Tackling gun violence with good governance

Hardly does a day pass in Nigeria nowadays without chilling reports of gun violence or insecurity somewhere. It has become a menace that must be confronted by all stakeholders for our collective peace, sanity and security.

Gun violence by non-state actors accounted for at least 8,372 deaths in 2021 and some 6,566 Nigerian souls were lost to the menace between the first six months of this year.  According to the Nigeria Security Incidents Tracker by Beacon Consulting, 7,222 Nigerians were killed and 3,823 others were abducted between January 1 and July 29, 2022.

A major solution to gun violence and other social vices ravaging Nigeria lies in good governance, which the World Bank simply defines as “the manner in which power is exercised in the management of a country’s economic and social resources for development”. Good governance relies on inclusive participation, rule of law, accountability, transparency, consensus building, responsiveness, justice and fairness, equity, effectiveness and efficiency as well as strong vision which our leaders must imbibe.

The Mo Ibrahim Foundation identifies the key components of the four categories of good governance in Africa as a) safety and rule of law (rule of law, accountability, personal safety and national security),b) participation and human rights (participation, rights and gender) c) sustainable economic opportunity (public management, business environment, infrastructure and rural sector) and d) human development (welfare, education and health). These should be known to leaders across strata.

When citizens realise that government is caring and leaders are honest, there will be trust and cooperation. But in a situation where there is a breach of social contract between the government and the citizens, the centre will not hold. While government does its part, the citizens also must do their part by being good and responsible. Citizens make up the society and the society begins from the family unit. That’s the starting point. Children are born with a tabula rasa (empty slate); it is the society that teaches and indoctrinates them what they eventually become.

One of the problems that underlines insecurity is that there is poor parenting syndrome in this generation and we have to work on it to regain our lost social order. The home is the first school that children attend but many parents don’t create time to teach their children values, virtues and ethics any longer as everyone in running like a hare in pursuit of lucre or money. Children should be taught that violence is wrong and ungodly.

Apart from the family, the school also has a role to play and teachers should lead by example. Violence begets violence and teachers should, just like parents, not introduce students to materials that glamorise violence.

Then, the mosque or the church has many roles to play in teaching citizens the ways of God. Anyone who understands the values and virtues of the Qur’an and the Bible would be loving, empathetic, kind, considerate, compassionate, generous and good to others. The person would know that harming others, hurting or attacking them is a sin punishable by God. No one who knows the implications wants to draw the wrath of God.
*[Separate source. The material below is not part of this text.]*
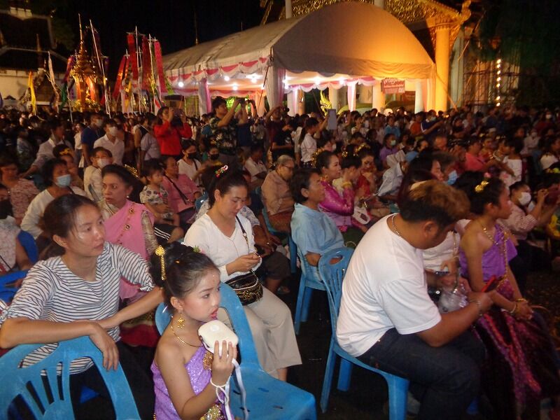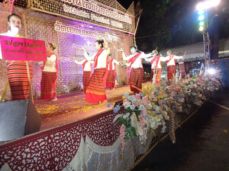 私は最終日の6月9日の夜にお寺に行きました。境内には大ぜいの参拝者がかごにお花を一杯入れてお参りしていました。特設ステージでは、チェンマイの伝統舞踊などが披露されていました。

Peer groups, clubs and organisations that citizens belong to also have roles to play in making them realise the evil of violence, wickedness and crime.

Albert Einstein was profound when he said, “We can’t solve problems by using the same kind of thinking we used when we created them.” The Chinese General, Sun Tsu, author of The Art of War, said that it is more important to out-think your enemy than to out-fight him.

In essence, to guard against gun violence especially and insecurity generally, we should provide employment and guarantee citizen’s economic security; we should make food available and have fewer hungry and angry citizens; we should provide affordable health services so that people are no longer emotionally charged as a result of losing their loved ones to avoidable health challenges; we should protect the environment against diseases; we should attend to the welfare and personal needs of the people; we should guarantee community security and we should remove toxicity from politics, detaching it from religious and ethnic sentiments.

It is by doing these that we shall reap their multiplier effects in fruits that will produce the vitamin for a safe, peaceful and secure country.